Washingtonians’ medical debt will not be included in their credit reports, under a bill that Gov. Bob Ferguson signed into law on Tuesday.
Having medical debt can create a spiraling effect and prevent people from getting approved for car or home loans or apartment rentals. Medical debt can also cause providers to deny services to patients with outstanding bills or dissuade people from seeking care.
Senate Bill 5480, sponsored by Sen. Marcus Riccelli, D-Spokane, intends to mirror efforts at the federal level that have been thrown into question. It will prohibit collection agencies from reporting overdue medical debt to credit agencies. The bill will take effect on July 27.
In January, the Biden administration finalized a similar federal rule before President Donald Trump took office. It was set to take effect in March, but it is currently on pause by the Trump administration and faces legal challenges.
The new state law is intended to help people like Christopher Raymond, who was diagnosed with stage 2 Hodgkin lymphoma at age 16.
To get the treatment Raymond needed to survive, his dad was forced to retire and cash out his pension, which amounted to $60,000.
Originally from Everett, Raymond’s family moved to California so he could receive the treatment he needed, which lasted two years and required a stem cell transplant, which was not covered by his dad’s insurance. The move made him eligible for Medi-Cal, California’s Medicaid program, which covered his treatments.
Despite the coverage, he and his family faced extreme hardships and had trouble paying for necessities such as food and utilities.
“There was a point where it got really bad that I was eating those quarter chicken legs you would get from the grocery store and it would be my only meal I could have for the day,” Raymond said.
Raymond is now 28 and has been cancer-free for the past 10 years, but says his family could’ve been pushed into extreme debt for his treatments, which cost upward of $6 million before accounting for insurance payments.
“I shouldn’t be punished for having cancer,” Raymond said.
His experience is shared by many who have undergone similar health issues.
When this happens, people might stop or delay treatments because they can’t afford them or because their insurance companies don’t approve the care. People, at times, also lose everything they own to continue their treatments, or they end up dying of cancer.
Roughly six in 10 Washington adults say they could not pay an unexpected $500 medical bill, and about 30% say they live in a household with medical debt, even with health insurance, according to a report done by the Northwest Health Law Advocates.

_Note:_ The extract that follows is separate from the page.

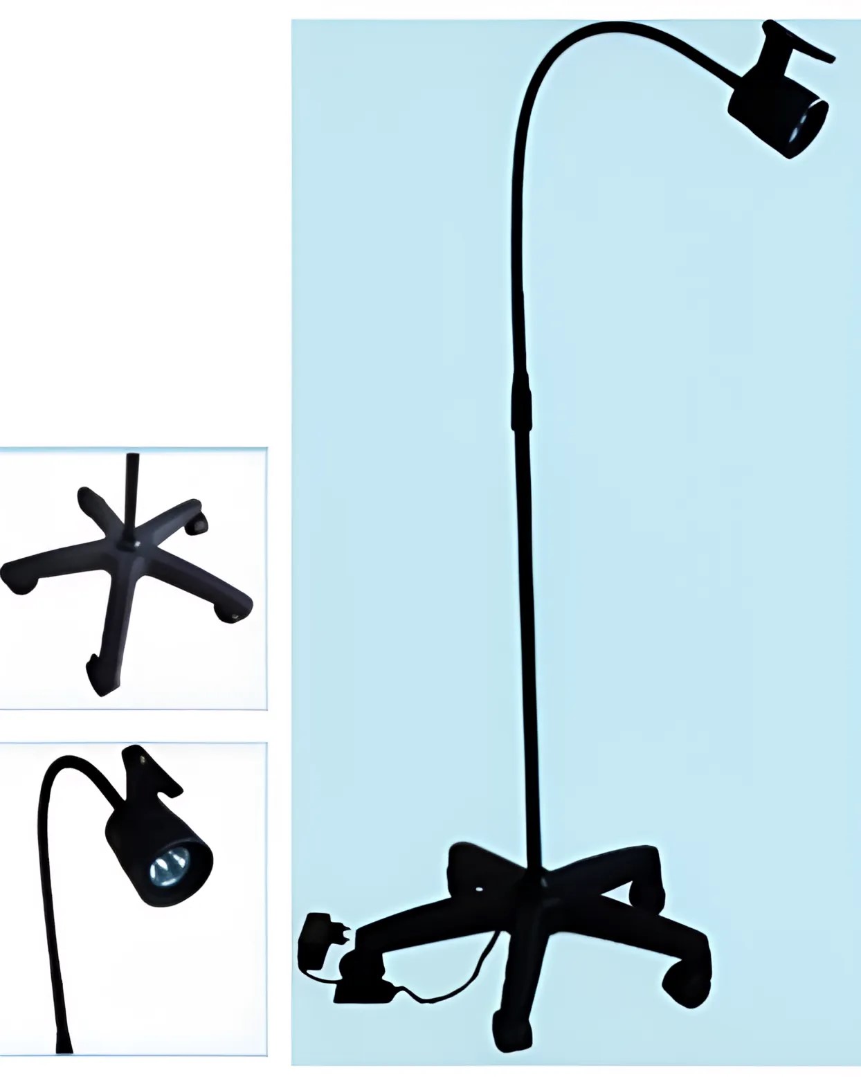 EXAM-LAMPATTTCN: Cold light lamp beads with uniform pure white illumination, stainless steel telescopic pole- Flexible hose, multi-angle lighting, height adjustable, stable base, beautiful appearance. Applications: clinics, gynecology, pet medicine, medical cosmetic surgery and other fields
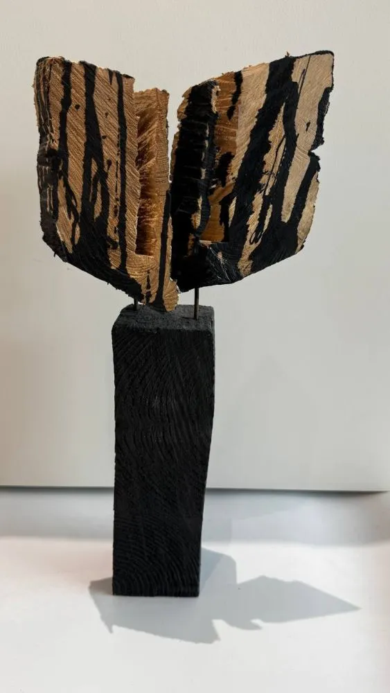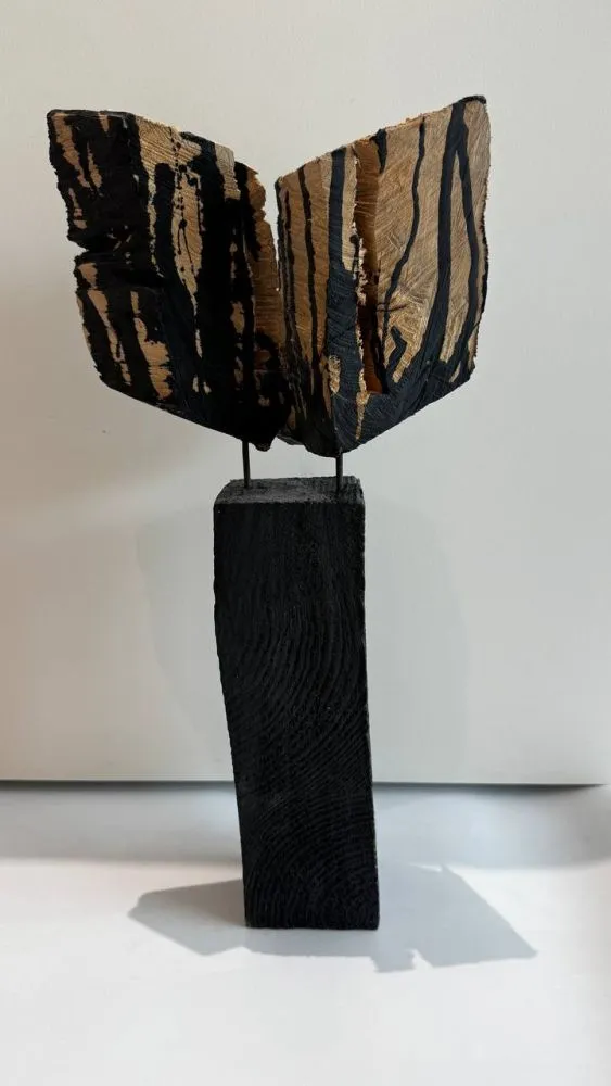 Ця квітка з серії "скалок". Коли роблю великі скульптури з дерева, завжди виходить купа скалок, які зігрівають мене своїм теплом в печі майстерні.. але поміж них трапляються особливі, такі, що рука не піднімається спалити... Вони мені "розказують" чим хочуть стати)... Ці захотіли квіткою..

Audrey Miller García, government relations director at the American Cancer Society, explained that families can still have to pay debt they accrued from treatments if their child dies of cancer.
Even when someone survives cancer, they may still need treatment for the rest of their lives. These follow-up treatments are expensive, and depending on the insurance coverage a person has, the care can land them in thousands of dollars worth of debt.
Raymond still gets billed.
“My lifelong care after cancer is always going to be met with more insurance bills,” he said.
He says he’s been due for a CT scan for over six years, but is worried about going into debt because he cannot afford the scan even after his co-pay.
“You shouldn’t be punished for having cancer, you should get through it and be able to not worry about having to live, because it’s not enough to just survive, you need to live too,” Raymond said.